As a result the crossections are $A_{3}=7.06858\text{mm}^2=0.0707\text{cm}^2$, $A_{2.85}=6.3794\text{mm}^2=0.0638\text{cm}^2$ and $A_{1.75}=2.40528\text{mm}^2=0.024\text{cm}^2$.

Volume of a cylinder is $V_{A_d,l}=\times {A_d} {l}$. Turned around to get a length from Volume and Area we get $l=\frac {V_m}{A_d}$, but what is V?

We know the density of comercial PLA is about $\rho=1.25 \frac{\text g}{\text{cm}^3}$, and we know $m=\times V \rho$. So: $V_m=\frac{m}{\rho}=\frac{1000}{1.25}\text{cm}^3=800\text{cm}^3$.

Taking this Volume and using the $l=\frac {V_m}{A_d}$ we get:

$l_{d=1.75}=33333.33\frac{\text{cm}}{\text{kg}}=333.33\frac{\text{m}}{\text{kg}}$

$l_{d=2.85}=12539.18\frac{\text{cm}}{\text{kg}}=125.39\frac{\text{m}}{\text{kg}}$

$l_{d=3}=11315.41\frac{\text{cm}}{\text{kg}}=113.15\frac{\text{m}}{\text{kg}}$

If the filament is more on the dense side $(\rho>1.25\frac{\text g}{\text{cm}^3})$, then it will have a smaller volume and thus be shorter than this estimate.

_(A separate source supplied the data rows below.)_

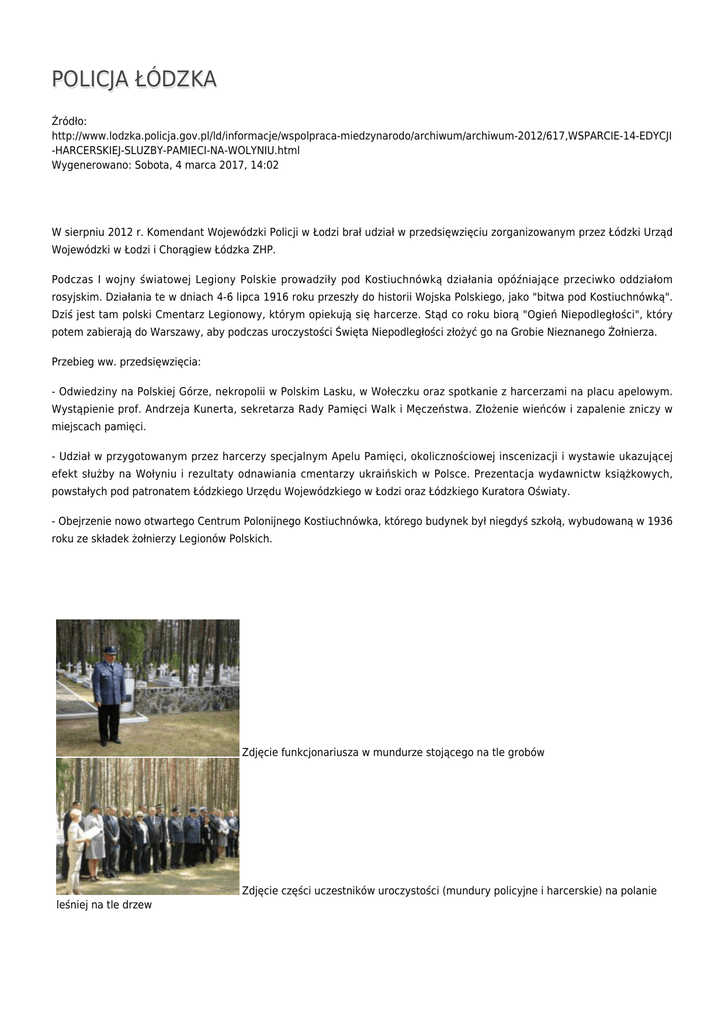 POLICJA ŁÓDZKA Źródło: http://www.lodzka.policja.gov.pl/ld/informacje/wspolpraca-miedzynarodo/archiwum/archiwum-2012/617,WSPARCIE-14-EDYCJI -HARCERSKIEJ-SLUZBY-PAMIECI-NA-WOLYNIU.html Wygenerowano: Sobota, 4 marca 2017, 14:02 W sierpniu 2012 r. Komendant Wojewódzki Policji w Łodzi brał udział w przedsięwzięciu zorganizowanym przez Łódzki Urząd Wojewódzki w Łodzi i Chorągiew Łódzka ZHP. Podczas I wojny światowej Legiony Polskie prowadziły pod Kostiuchnówką działania opóźniające przeciwko oddziałom rosyjskim. Działania te w dniach 4-6 lipca 1916 roku przeszły do historii Wojska Polskiego, jako "bitwa pod Kostiuchnówką". Dziś jest tam polski Cmentarz Legionowy, którym opiekują się harcerze. Stąd co roku biorą "Ogień Niepodległości", który potem zabierają do Warszawy, aby podczas uroczystości Święta Niepodległości złożyć go na Grobie Nieznanego Żołnierza. Przebieg ww. przedsięwzięcia: - Odwiedziny na Polskiej Górze, nekropolii w Polskim Lasku, w Wołeczku oraz spotkanie z harcerzami na placu apelowym. Wystąpienie prof. Andrzeja Kunerta, sekretarza Rady Pamięci Walk i Męczeństwa. Złożenie wieńców i zapalenie zniczy w miejscach pamięci. - Udział w przygotowanym przez harcerzy specjalnym Apelu Pamięci, okolicznościowej inscenizacji i wystawie ukazującej efekt służby na Wołyniu i rezultaty odnawiania cmentarzy ukraińskich w Polsce. Prezentacja wydawnictw książkowych, powstałych pod patronatem Łódzkiego Urzędu Wojewódzkiego w Łodzi oraz Łódzkiego Kuratora Oświaty. - Obejrzenie nowo otwartego Centrum Polonijnego Kostiuchnówka, którego budynek był niegdyś szkołą, wybudowaną w 1936 roku ze składek żołnierzy Legionów Polskich. Zdjęcie funkcjonariusza w mundurze stojącego na tle grobów Zdjęcie części uczestników uroczystości (mundury policyjne i harcerskie) na polanie leśniej na tle drzew Zdjęcie dużego białego budynku będącego siedzibą Centrum Dialogu Kostiuchnówka Ocena: 0/5 (0) Tweetnij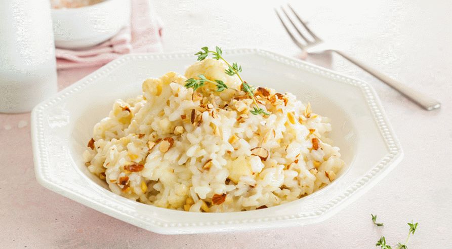 - En la olla, donde se frió la coliflor, agregue el segundo la mitad del aceite vegetal, vierta el arroz y fríalo por 1 minuto. Agregue el vino y cocine hasta que se evapore. Vierta 1 cucharón y cocine el caldo hasta que esté completamente absorbido. Continuar así vierta 1 cucharón hasta que se acabe el caldo.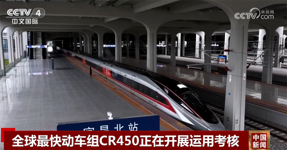 央视网消息:被称作"全球最快高铁"的CR450动车组样车去年底公布后,目前正在不同速度、不同场景中进行多项试验。试验期间, CR450动车组跑出了动车组单列时速453公里、相对交会时速896公里的最新纪录。目前,CR450动车组正在沪渝蓉高铁开展运用考核。来看总 台央视记者20日在宜昌北站试验现场发回的报道。 什么是"运用考核"?简单说就是"刷里程"。从去年底样车下线以来,CR450就一直在进行各种达标考试,经过一轮一轮的周测、月考、期 中考,已经交出了时速450公里的答卷,各项指标都已经合格,但是考试还得继续,因为按照技术要求,CR450要在指标合格的前提下跑够60 万公里,才能够载客运营。 所以目前,宜昌北站这里依然是考场,我们先用此前拍摄的画面复盘一下近期它的考场表现。 每天从记者现在所在的宜昌北站出发,CR450在途经荆门站、终点汉川站这条近300公里的高铁线上折返跑。这也是记者第一次近距离接 触运行中的CR450动车组,在此前的试验中,虽然它成绩一直不错,但遗憾的是记者并没有在场,20日来到现场依然不能登车,因为按照国家 铁路局的规定,列车要拿到载客许可证才能够允许非专业人士登车,所以目前记者也只能 ...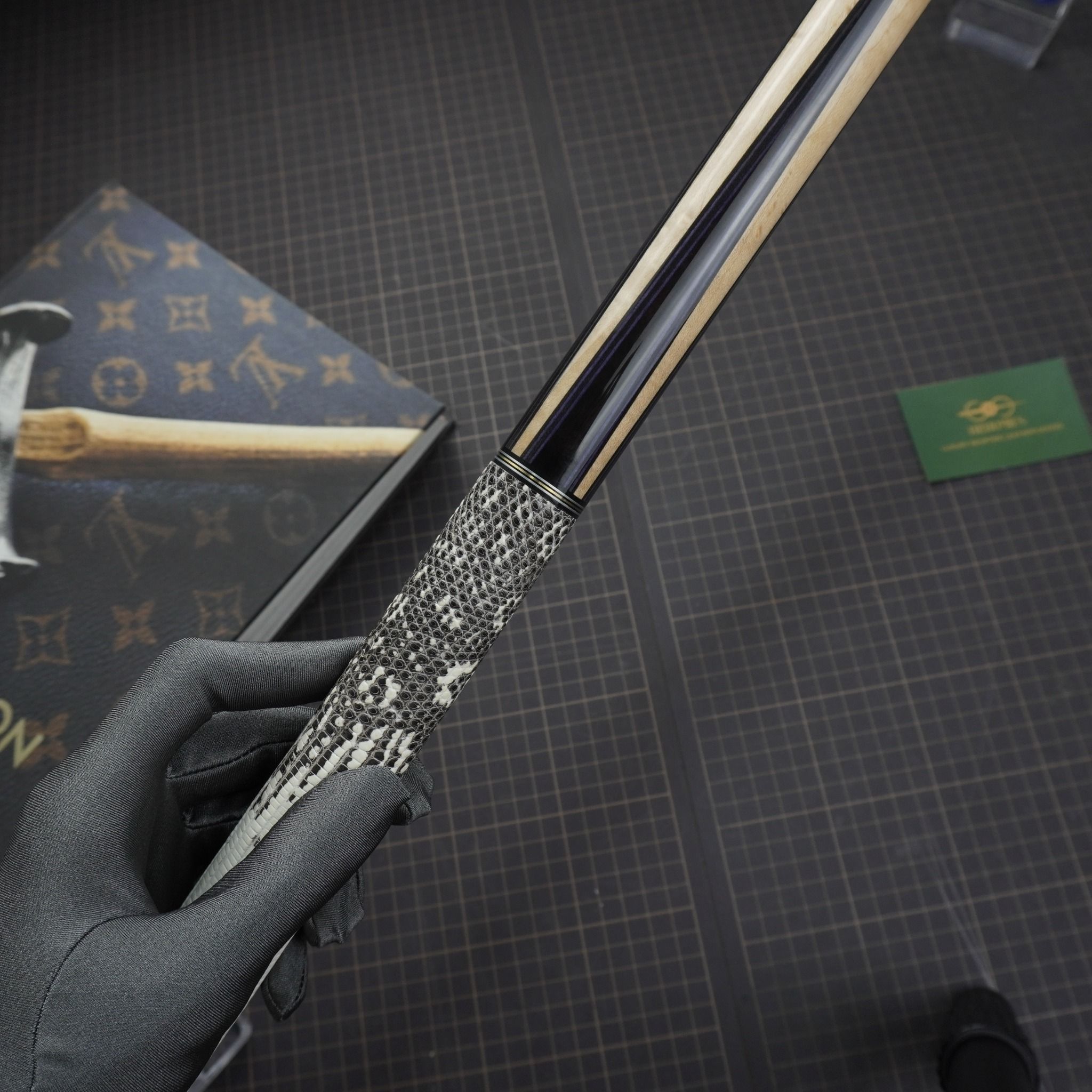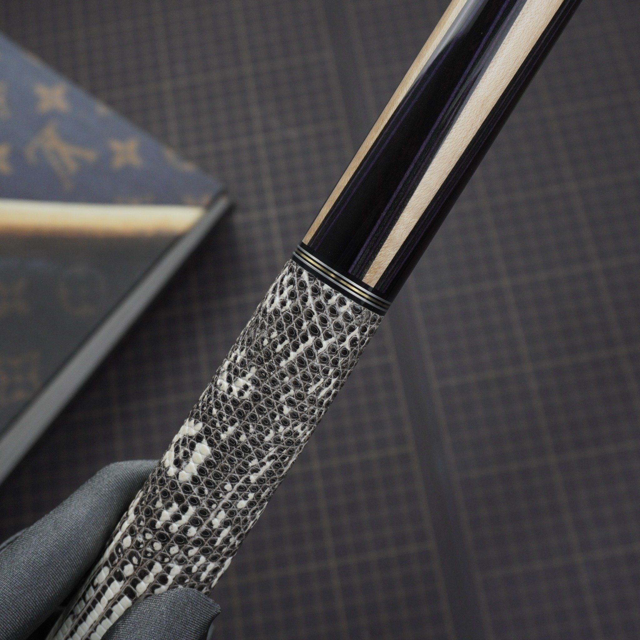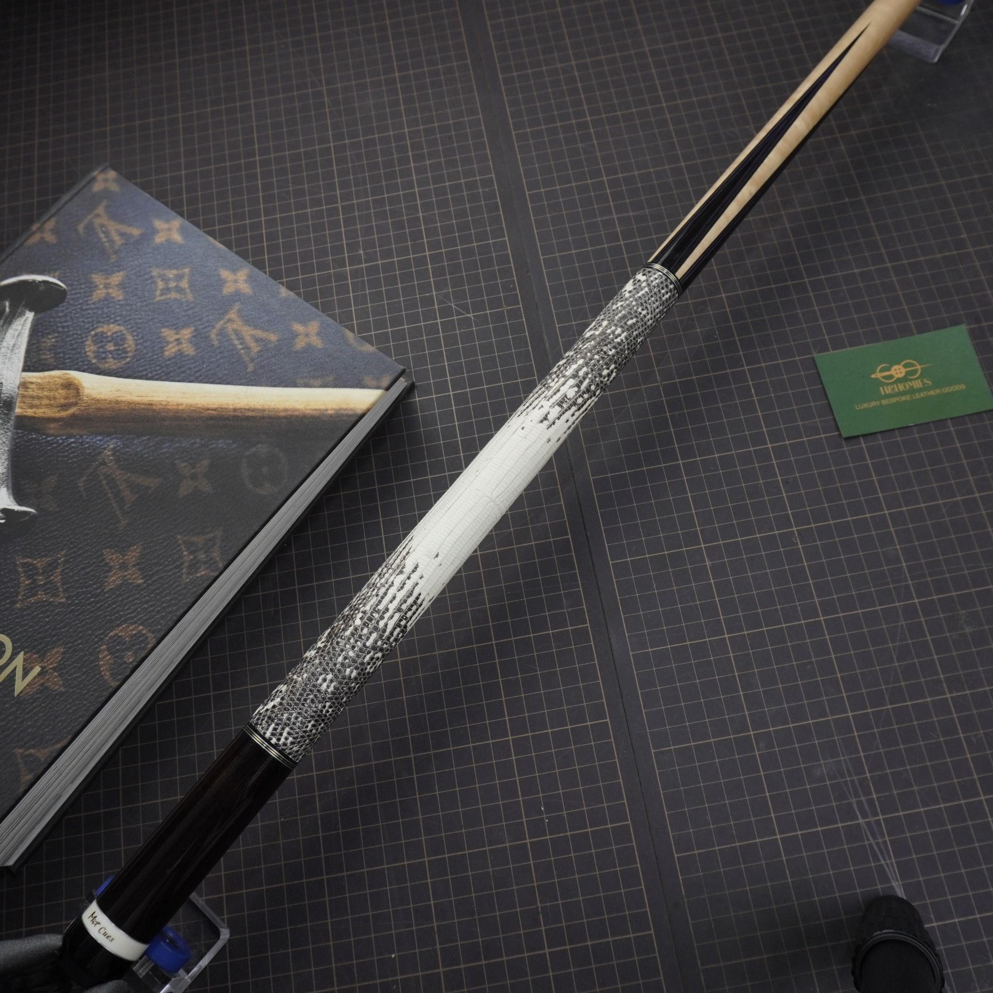 Bọc cơ da kì đà màu trắng đen cho chuôi Mit Cues với chất màu da tượng trưng cho sự hoàn hảo

To show this better, a graph: This is the length of a filament spool in dependancy of the density. The values were calculated for the usual diameters with their closest neighbors rounded to 0.1 as absolute diameters and run over a broad range of densities commonly used in plastics - 0.7 g/cm³ to 2 g/cm³.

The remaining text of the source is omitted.